No importa el tiempo o la edad pero cada uno de nosotros estamos en permanente evolución. Para que la vida sea buena hay que quitarle todo lo malo, hay que añadirle cosas positivas, hay que ser más creativos y lanzarnos sin miedo a las ideas nuevas. La amistad es un valor muy importante en mi vida y a lo largo de todos estos años he consolidado una plataforma de amigos(as) y hemos coincidido en que al tiempo hay que ganarle la batalla. Y en eso tenemos razón, son tantos los proyectos que me planteo cada día y que quiero desarrollar que las 24 horas del día son muy pocas y que personas como tu o como yo siempre nos preguntamos: ¿Y por que no hay relojes de 36 horas para que nos alcance el tiempo?

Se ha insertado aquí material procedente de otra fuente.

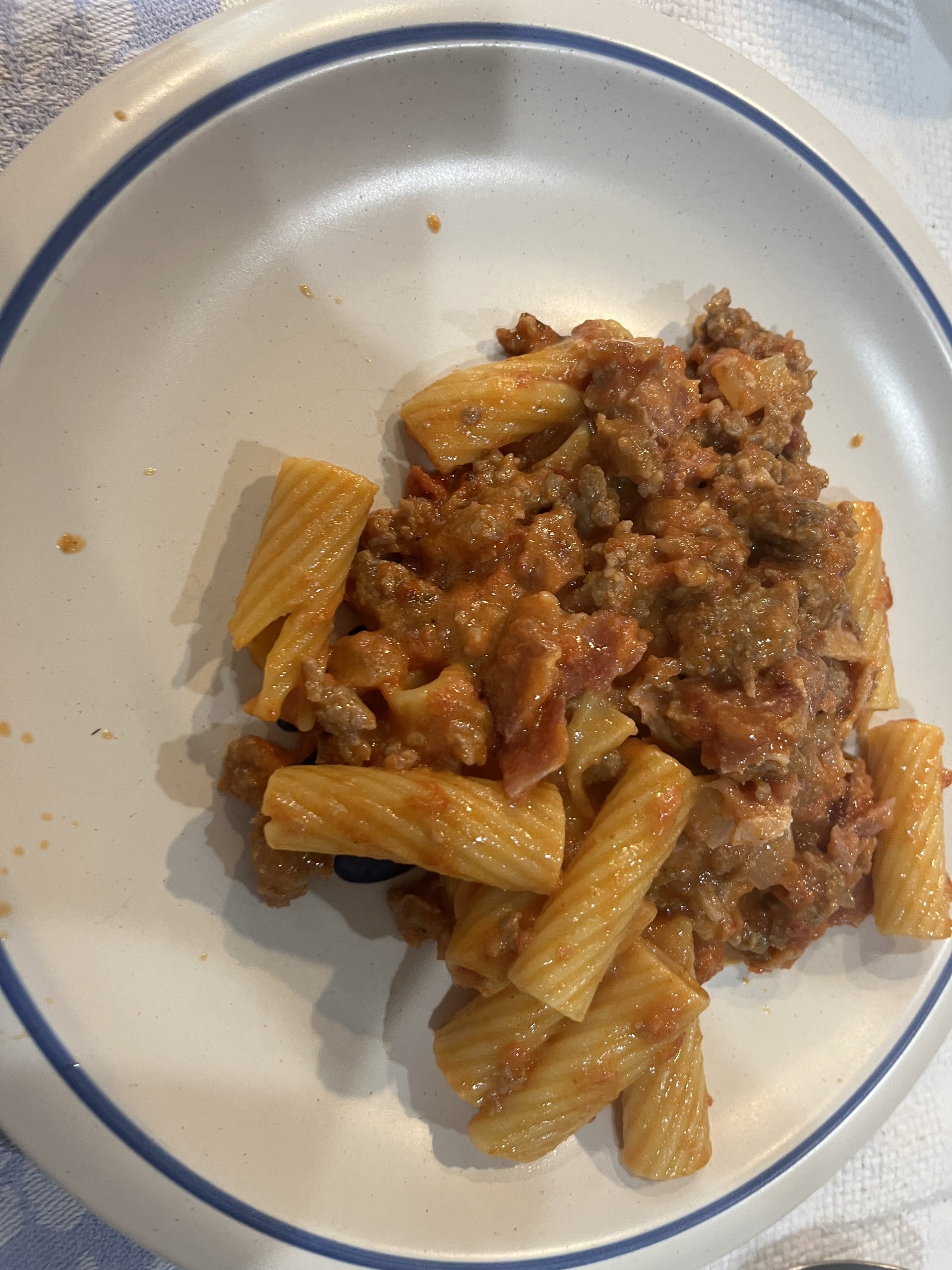 Rigatoni With Sausage, Bacon, and Egg Yolks

Desafortunadamente el tiempo no es mío, le pertenece a Dios y el maneja los proyectos de cada hombre. Y para mi vida cada vez que veo un reloj continuo luchando para poder estirar el tiempo. Y reconocer que todo viene, va y es de Dios. Y que debemos dejarnos guiar por el tiempo de Él y no nuestro tiempo.

viernes, febrero 20, 2009

¿Es Cristo un Dios bombero?

Por el Rev. José Eugenio Hoyos

¿Ha estado usted alguna vez cerca de un incendio? ¿O ha sido testigo de una alarma falsa de fuego dentro de un edificio? Bueno pues no se lo aconsejo porque es bastante escalofriante, desesperante y muy angustioso. El ver quemarse un gran bosque o una casa en el vecindario es muy doloroso y nos pone los nervios de punta al saber que no podemos hacer absolutamente nada y nos entra una gran desesperación más cuando nos damos cuenta que dentro de esa casa ó edificio que esta siendo devorado por las llamas todavía se encuentran en su interior seres humanos.

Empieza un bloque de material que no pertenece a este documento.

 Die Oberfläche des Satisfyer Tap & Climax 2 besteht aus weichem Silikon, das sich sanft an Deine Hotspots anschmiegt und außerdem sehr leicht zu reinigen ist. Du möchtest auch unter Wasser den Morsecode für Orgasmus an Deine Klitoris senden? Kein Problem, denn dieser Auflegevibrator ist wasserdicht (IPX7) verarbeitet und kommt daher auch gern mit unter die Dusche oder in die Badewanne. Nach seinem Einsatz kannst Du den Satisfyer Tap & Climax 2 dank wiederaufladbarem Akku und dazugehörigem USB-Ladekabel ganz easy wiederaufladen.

Lo mismo pasa con cada uno de nosotros cuando nos encontramos en graves problemas donde pensamos que ya no hay solución y en el instante nos acordamos que existe un Dios y a Él inmediatamente le pedimos que venga ayudarnos, a socorrernos y a apagar el incendio de nuestras penas. ¡Que vergüenza! Cuando la ausencia de Dios es notoria en las personas empiezan los lamentos: la vida es injusta conmigo, ¿Por qué me pasa esto a mi? Quien así se lamenta se concentra en su problema y se olvida de todo lo bueno que ha vivido y aun disfruta.

Más sensato es aquel que mira el lado bueno de la vida y descubre bienes detrás de males reales o aparentes. Muchos de los que se llaman cristianos hoy en día tienen a Cristo por ratitos, sólo lo necesitan cuando necesitan que Dios les apague el incendio de sus problemas amorosos, económicos, de salud en un accidente, etc. Mientras que un cristiano activo y normal le debe pedir a Cristo que siempre mantengan encendido el fuego de sus corazones con el poder del Espíritu Santo y que ojalá ese fuego que da vida no se apague nunca. Aquellos que viven encendidos son como el ciego que se acepta como es y da gracias por estar vivo, por su familia y por poder rehabilitarse, el enfermo que aprecia todo lo que es y lo que tiene, ó el pobre que mira hacia abajo y ve que hay miserables que quieran estar como él.

En mi niñez siempre recuerdo que en una de las navidades mis padres me regalaron un carro de bomberos de color rojo y llevaba una docena de bomberos vestidos de color amarillo. Al ver el regalo me encantó. Mis padres al verme lo entusiasmado que estaba me dijeron: “No olvides que los bomberos que van de lado a lado son los apóstoles y el bombero mayor que lleva el timón ese es Cristo Jesús. Pues ellos están siempre listos para apagar los incendios de nuestras vidas y así traernos la paz y la esperanza.” Si desde pequeño pienso que Jesús es más que un bombero, es el alivio para todas nuestras penas y dificultades.